My network is set up with a Linksys WRVS4400N wireless N gigabit router, and a Linksys gigabit 8 port switch(a) in one room. I have a PC, a Mac, a HP network printer, and the 8 port switch (a), wired to the router. There are three NAS storage drives, a Linksys 8 port gigabit switch (b), and a Linksys 5 port gigabit switch wired the 8 port gigabit switch (a). The 8 port and 5 port switches are in different rooms. The 8 port switch (b) has a DirecTV receiver, Replay TV recorder, a Sony PlayStation, and a Mac mini wired into it. The 5 port switch has a DIRECTV, a Wii game console, and a Mac mini wired into it. Everything works; all computers and game consoles have access to the net. The computers all have access to each other, the N.A.S. storage, and the printer.

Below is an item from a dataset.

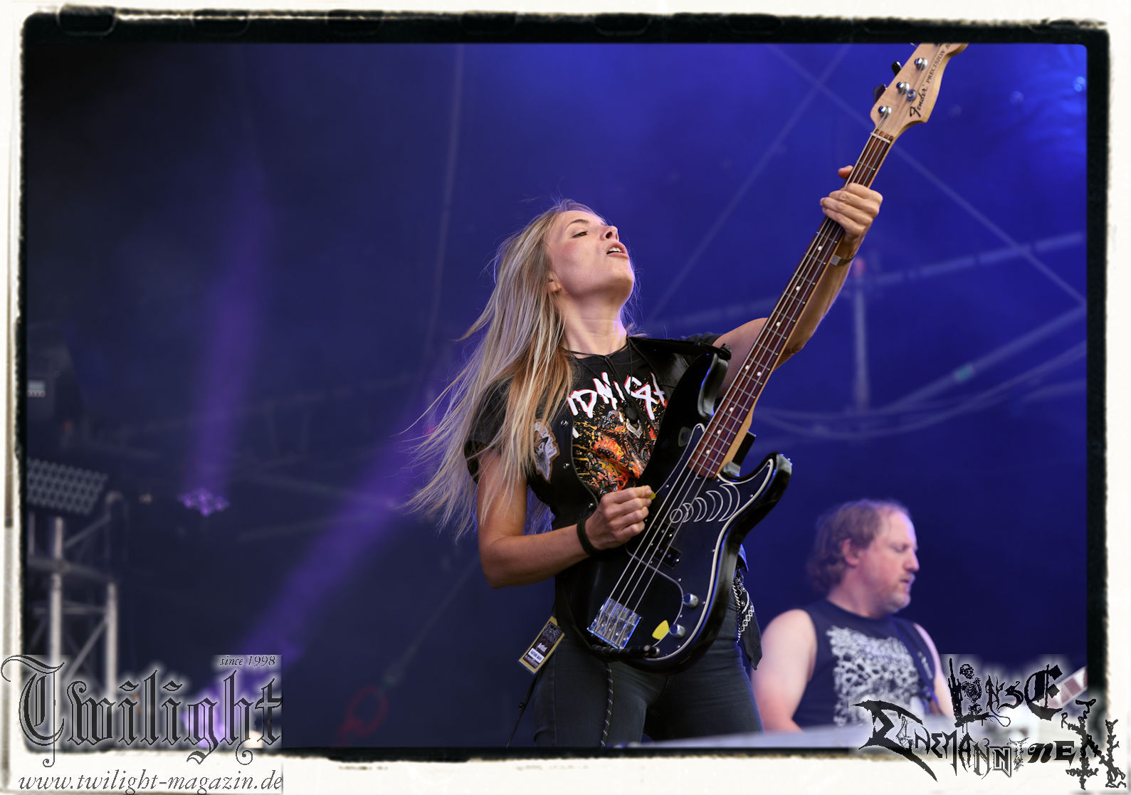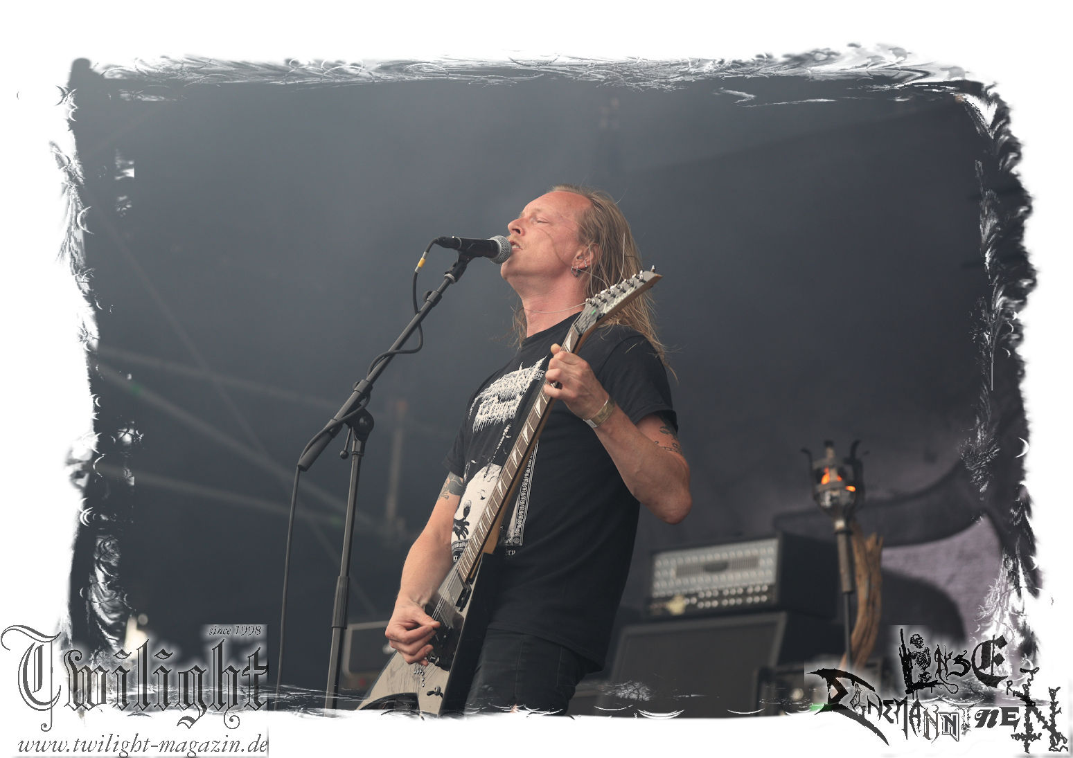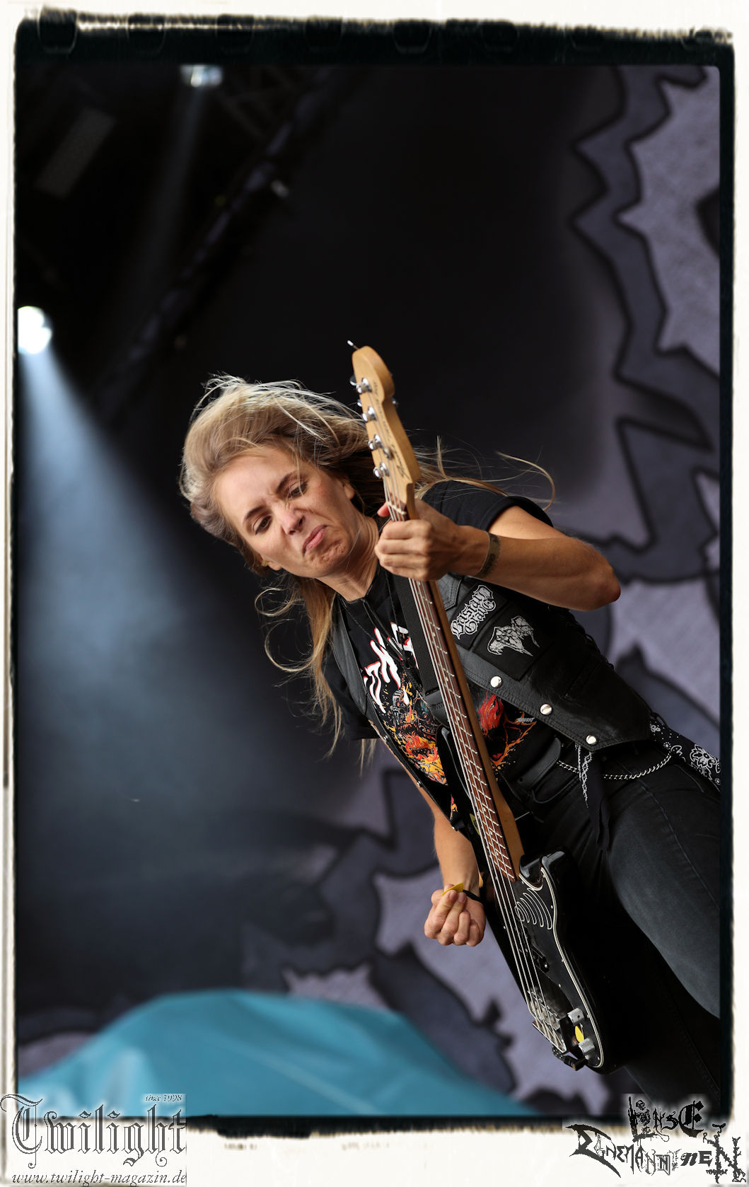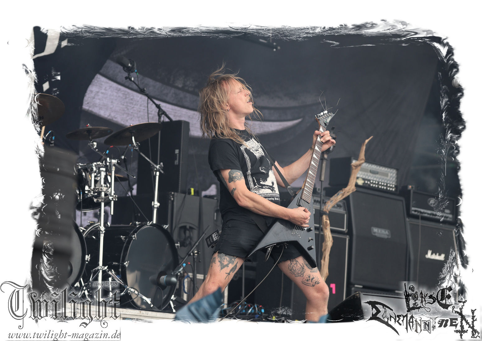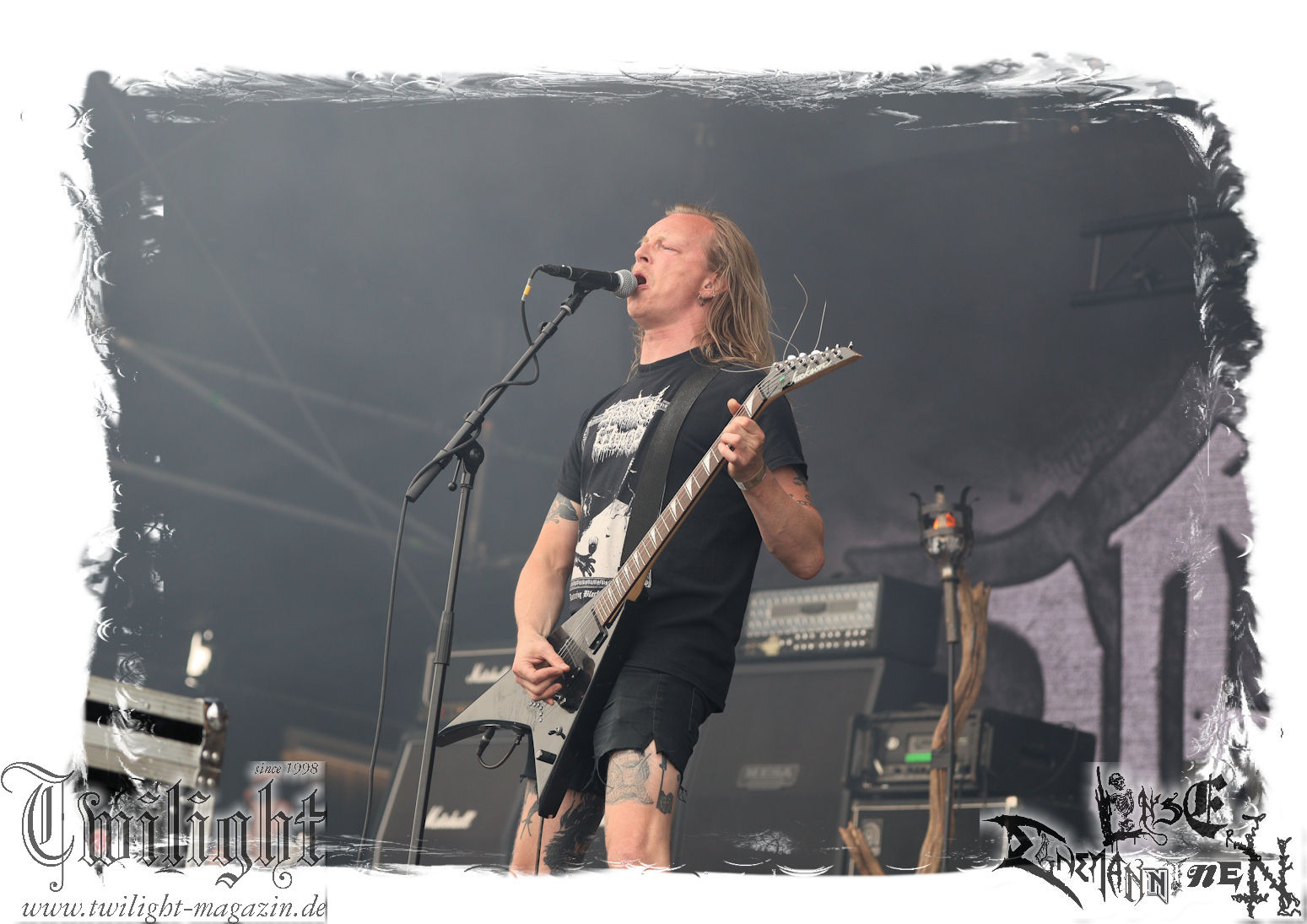 "Napalm In The Morning" kommt auch fett rüber und natürlich darf der Klassiker "Agent Orange" nicht fehlen. Die Band hat, was die Lightshow, die Pyros und Nebel angeht, eh ordentlich aufgefahren, aber bei diesem Song ballern sie echt alles raus und so geben nach und nach die drei Nebelmaschinen den Geist auf. Nebelwand pur, die durch die Beleuchtung, total geil aussieht, während sie auf uns zu wabert und es irgendwann stark nach Silvester riecht. Ich persönlich möchte in dem Moment ja nicht auf der Bühne stehen, denn Sauerstoff ist in dem Moment dort sicherlich ein rares Gut. Kultsongs wie "The Saw Is The Law" und "Blasphemer" stehen auch hoch auf der Liste und gerade "The Saw Is The Law" ist mir eine Freude, da der Song so schon ordentlich walzt, aber hier noch mal ein paar Schaufeln Steinkohle extra ins höllische Feuer geworfen werden. Gleiches gilt für "Nuclear Winter". Herrlich! Apropos Feuer, denn die, wie ich annehme, nächste Runde Bier entpuppt sich als Rauchfackeln und so wird es im Publikum auf einmal etwas nebelig. Wie nicht anders zu erwarten, wollen die Leute auf dem PARTY.SAN METAL OPEN AIR "Partisan" hören, auf den dann "Let's Fight In The Darkness Of Hell" folgt. Mit dem mächtigen Triumvirat "Remember The Fallen", "Ausgebombt" und "Bombenhagel" wird dann leider schon das Ende eines echt geilen Konzerts eingeläutet aber 18 Songs sind ja schon eine Ansage. Ich hätte noch gerne "Book Burning", „Conjuration", "Back To War", "One Step Over The Line", "Unbury The Hatchet", Polytoximaniac", "After The Deluge", "Capture The Flag", "Equinox", "Better Off Dead", "Bullet In The Head", "Sodomized", "That's What An Unknown Killer Diarized" und, und, und gehört, aber das wäre ja schon wieder ein ganzer Gig an sich gewesen, hahaha. Aber auch so ist das hier ein grandioser Moment und so nimmt das PARTY.SAN, was Konzerte angeht, nach dem letzten Song und frenetischem Jubel sein Ende. Wir werden mit dem Steigerlied entlassen. Da werden die Goldkehlchen der Harzer und Braunschweiger vom Twilight Magazin und Hotel666 natürlich nochmal gefordert, wie auch beim anschließenden und absolut passenden Fury In The Slaughterhouse-Hit "Won't Forget These Days", mit dem uns das PARTY.SAN 2024 in die Nacht entlässt. Wer aus Niedersachsen singt da nicht voller Inbrunst mit? Genau, und so zieht es einige von uns noch singend ins Party-Zelt oder Leute wie mich ins eigene Zelt, um irgendwann glücklich einzuschlafen. Bleibt mir noch zum Schluss ein groooooooßes Dankeschön, Küsse und Liebe an das PARTY.SAN, deren ganze Crew und allen, die noch daran mitgewirkt haben, zu schicken, denn es war wieder eine absolut geile, geile, geile Zeit bei euch und ich freue mich jetzt schon mega, nächstes Jahr wieder bei euch sein zu dürfen! (Rudi)

My only problem is the wireless range is very poor. Is there any way to improve the router’s range? I still have the Linksys WRT54 wireless router. Can that be wired to one of the switches and configured so that I can improve the wireless coverage? If so how? If not what other options do I have?
Thank you

John
May 8, 2010 10:12:49 AM

One of the problems of wireless net is obstacle (thick walls, etc.) I have one of these problems so what I did was I connect another wireless router, its called bridge.
Adding a second wireless router to a network can greatly increase the range and signal strength of the overall network. Bridging routers can also join two or more computers to a Local Area Network (LAN), allowing them to communicate with one another. The second router is a "bridge" that is there to extend the range of the primary router.
Here's is how:
Determine the coverage area. When using two or more routers, the coverage area should be divided, and each router should be placed in a location central to each subdivision. If you're adding a wireless router to an existing network, this might mean moving the first router.
Decide which router is the primary router. The primary router is connected to the Internet, a wired LAN or other networks. It should be the one closest to the wired network connections or the one with the best line of sight to another wireless network. Also, the primary router should be a high-end router, allowing for larger state tables and more users.
Buy an after-market antenna, as the antennas that come with most routers don't have very good range. Getting quality omni-directional antennas can boost the range and signal strength of each of the routers, which, in turn, will reduce the overall cost by allowing fewer routers to cover more area.
Deploy the primary router carefully. This router is the most important and requires the most setup time and options. Set the Service Set Identifier (SSID) and Wireless Encryption Protocol (WEP) key, configure the Internet connection and test the router with some clients (computers). Once you get the primary router deployed, deploying the other routers should be easy.
Deploy the secondary routers, which should be configured to work in "bridging mode." Secondary routers should be deployed around the perimeter of a large area or at "hot spots" where placed users will gather--for example, at a park bench or table.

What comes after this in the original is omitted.